In concomitanza con le celebrazioni pasquali gli operatori e volontari Caritas hanno distribuito “un pacchetto a tutte le famiglie più bisognose”, spiega il sacerdote, “contenente diversi generi alimentari. Volevamo dar loro un piccolo aiuto e far capire che vi è questo forte elemento di solidarietà nella festa. Tuttavia, la vera emergenza riguarda l’aspetto sanitario, perché i bisogni aumentano non solo fra i profughi, ma tra gli stessi libanesi”. 

Grazie alla disponibilità e alla dedizione di alcuni medici “che operano a titolo gratuito”, aggiunge p. Paul, in queste settimane “abbiamo potuto fornire diverse consulenze, visite gratuite, distribuire medicine e realizzare piccoli interventi”. Le necessità sono molte e “contiamo su donazioni e partner per nuovi progetti” perché oggi, a differenze del passato, “non sono solo i profughi a vivere nel bisogno ma le stesse famiglie libanesi”. 

Caritas Libano in questi anni non ha mai fatto mancare l’assistenza, garantendo non solo cibo e aiuti ma anche sostegno psicologico e favorendo il confronto fra cristiani e musulmani, in particolare fra giovani. Ma i bisogni aumentano a fronte di risorse sempre più scarse. “Stiamo vivendo una crisi economica forte, cui si aggiunge la perdurante mancanza del presidente della Repubblica, che dovrebbe garantire equilibrio” racconta p. Paul. “Non c’è legislazione, il Parlamento è bloccato - aggiunge - e tutto questo impedisce lo sviluppo del Paese”. 

Il Libano ha “molte esigenze e capacità limitate” e il “gran numero di profughi” ha finito per incidere “in modo pesante sull’ambito sociale, sanitario, nella sicurezza. E le prime vittime sono proprio i più poveri”. Da qui il proposito della Caritas di promuovere e sostenere - per tutto il tempo di Quaresima - iniziative di solidarietà e sviluppo non solo per i profughi siriani in fuga dalla guerra, ma anche per le fasce più povere della popolazione libanese.

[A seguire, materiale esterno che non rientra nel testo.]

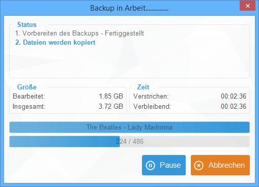 3. Wählt auf der oberen Programmleiste "Smart Backup" und klickt auf "Backup starten".

“La situazione è critica - conferma il sacerdote - e vi sono grandi necessità a più livelli: fame, sete, medicine, alloggi”. Dalla comunità internazionale si attendono risposte e non proclami, in primis la necessità “di fermare la guerra in Siria e incoraggiare i profughi a tornare nella propria terra. Anche la Caritas locale lavora in questa direzione, per ricostruire il Paese una volta raggiunta la pace”. 

Ieri Oxfam ha pubblicato un rapporto in base al quale emerge che i Paesi ricchi e sviluppati hanno accolto meno del 2% degli oltre cinque milioni di rifugiati siriani. L’ong chiese per questo maggiore impegno e la disponibilità ad accogliere “almeno il 10%” del totale. “Il rapporto - commenta il direttore Caritas - dice la verità, inutile nasconderlo. Basta guardare a quanto sta facendo il Libano, alla proporzione fra cittadini e numero di rifugiati accolti. È difficile immaginare i bisogni enormi per il nostro Paese - conclude il sacerdote - che per con tutti i suoi limiti ha saputo aprire le proprie porte. Oggi le nazioni ricche possono e devono fare di più, soprattutto per cercare di fermare la guerra e il traffico di armi che alimenta, come dice papa Francesco, la spirale delle violenze”.